И опять я вижу его. Это было намного позднее, на улице; мы все столпились, возвращаясь из школы, вокруг упавшей лошади. Она лежала, еще запряженная в дышло, перед крестьянской повозкой, жалобно сопела открытыми ноздрями, чего-то ища, и истекала кровью из невидимой раны, отчего рядом с ней медленно наливалась темным белая пыль улицы. Отвернувшись с чувством тошноты от этого зрелища, я увидел лицо Демиана. Он не протискивался вперед, он стоял позади всех, в удобной и довольно изящной позе, как то было ему свойственно. Его взгляд был направлен на голову лошади, и опять в нем была эта глубокая, тихая, почти фантастическая и все же бесстрастная внимательность.

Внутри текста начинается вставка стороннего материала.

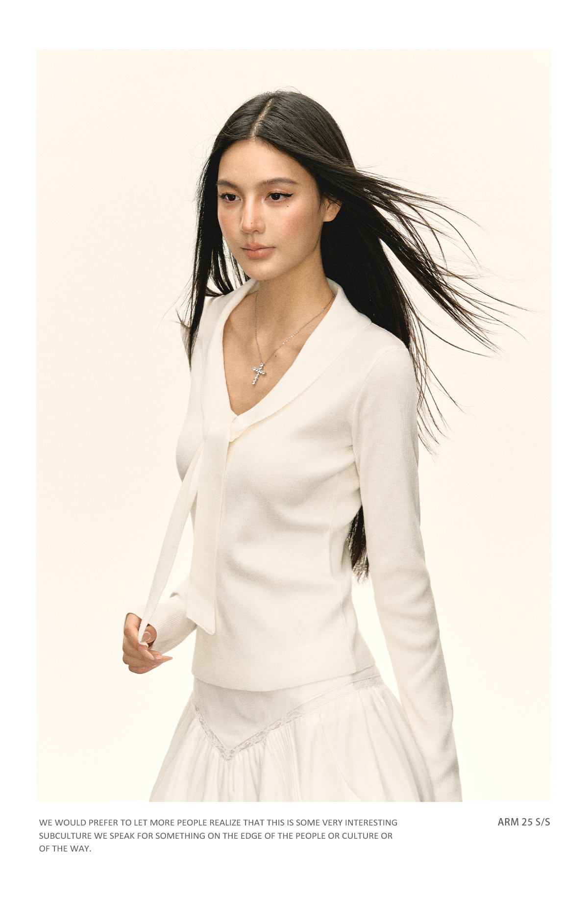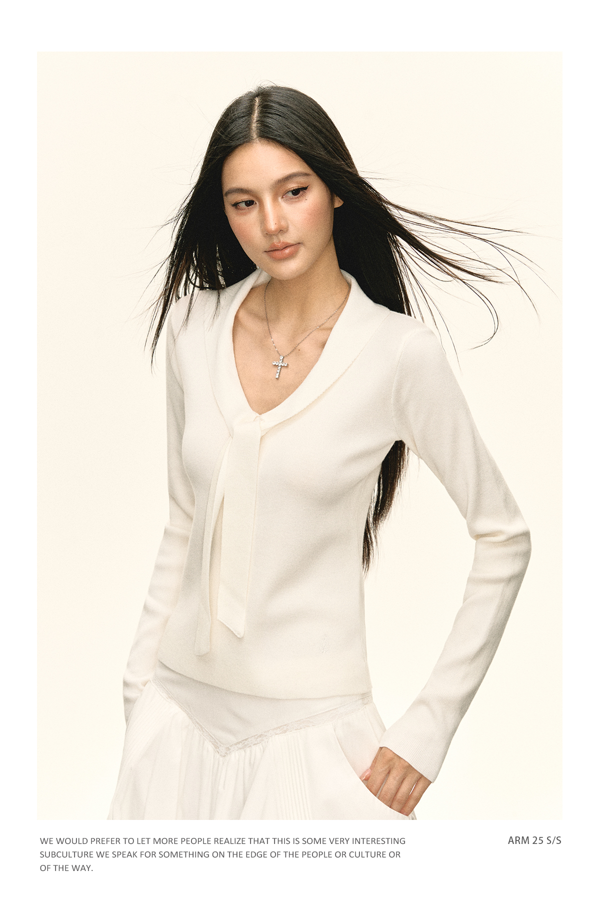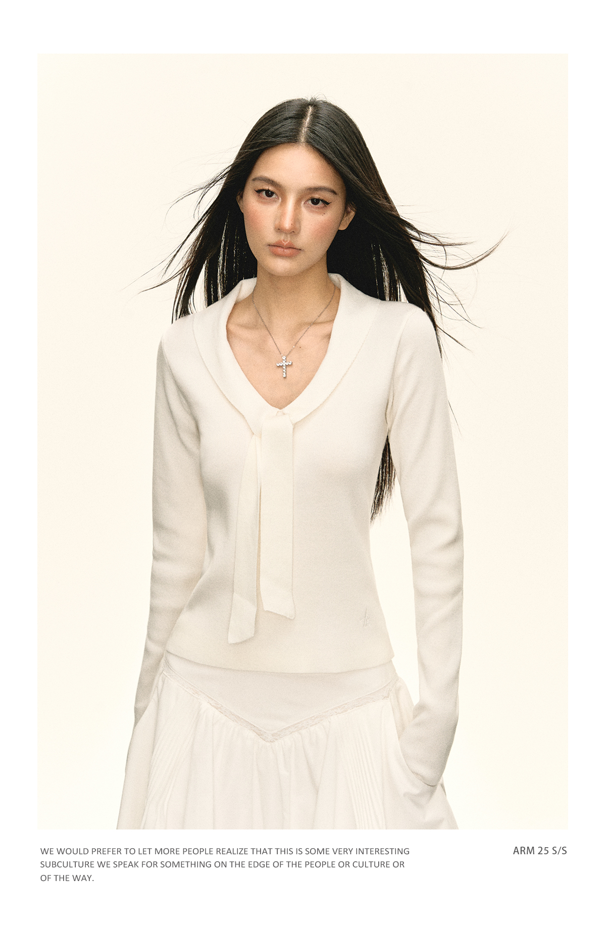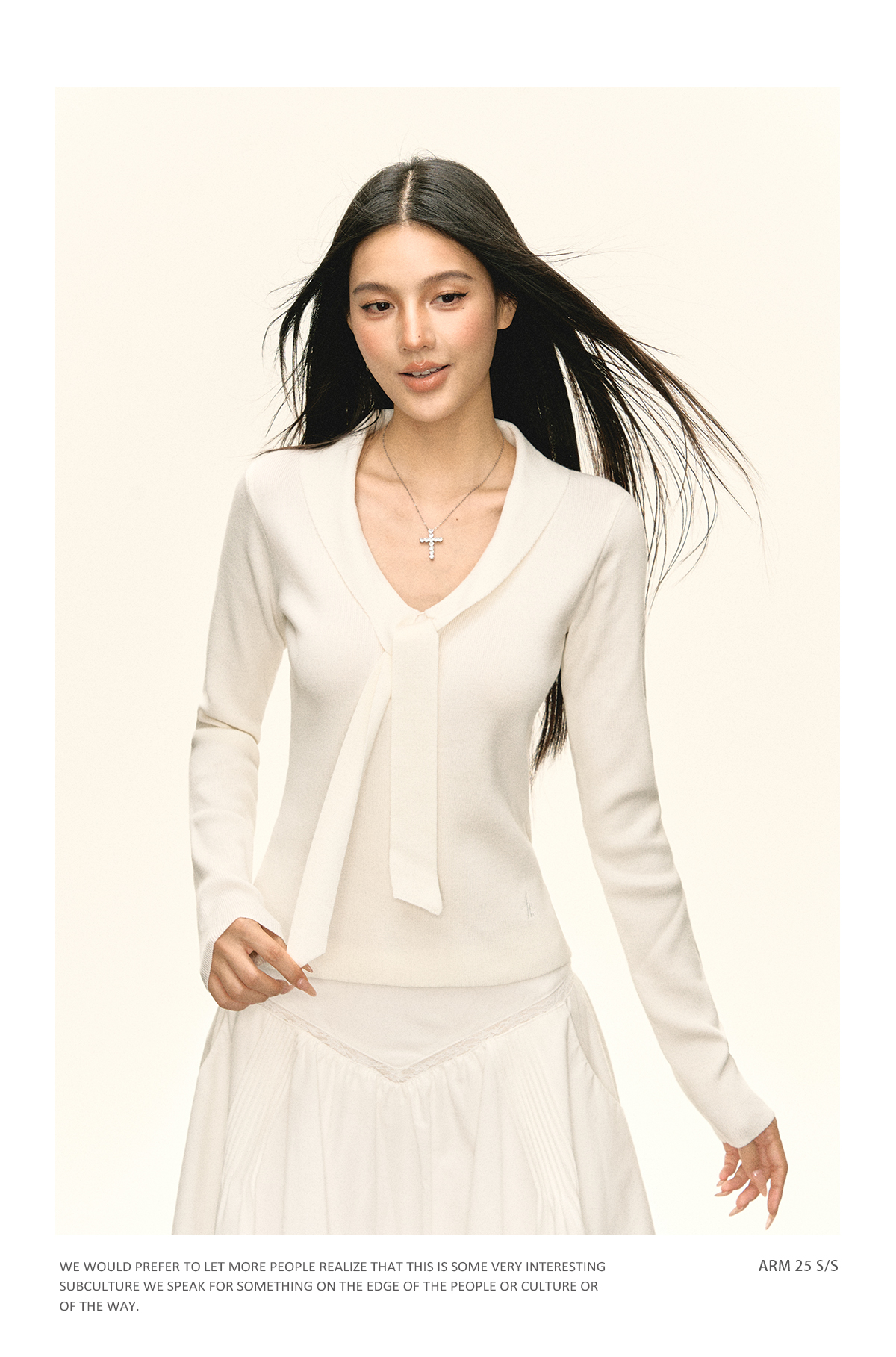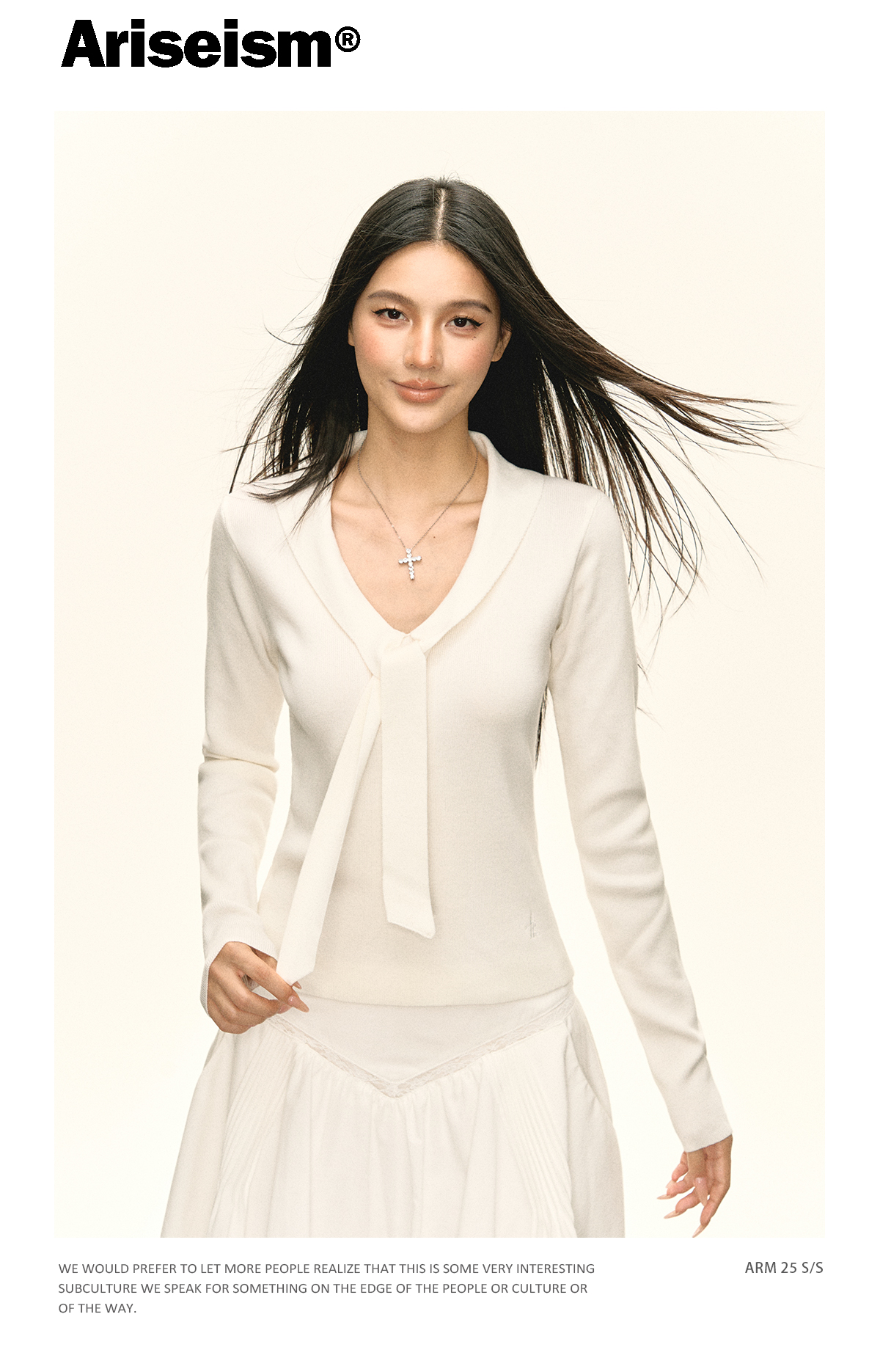 Ariseism 美式复古设计感白色领带针织毛衣女秋季新款修身上衣

Я долго смотрел на него, и тогда я, совсем еще безотчетно, почувствовал нечто очень странное. Я видел лицо Демиана, не только видел, что это лицо не мальчика, но видел, что это лицо мужчины; я видел еще больше, я, казалось мне, видел или чувствовал, что это и не лицо мужчины, а еще что-то другое. Было в нем что-то женское, а главное, на миг это лицо показалось мне не мужским или детским, не старым или молодым, а каким-то тысячелетним, каким-то вневременным, отчеканенным иными временами, чем наши. Так могли выглядеть животные, или деревья, или звезды – я этого не знал, я ощущал не совсем то, что говорю об этом сейчас, будучи взрослым, но что-то подобное. Возможно, он был красив, возможно, нравился мне, а может быть, и был мне противен, это тоже решить нельзя было. Я видел только: он был иным, чем мы, он был как животное, или как дух, или как изображение, не знаю, каков он был, но был иным, немыслимо другим, чем мы все.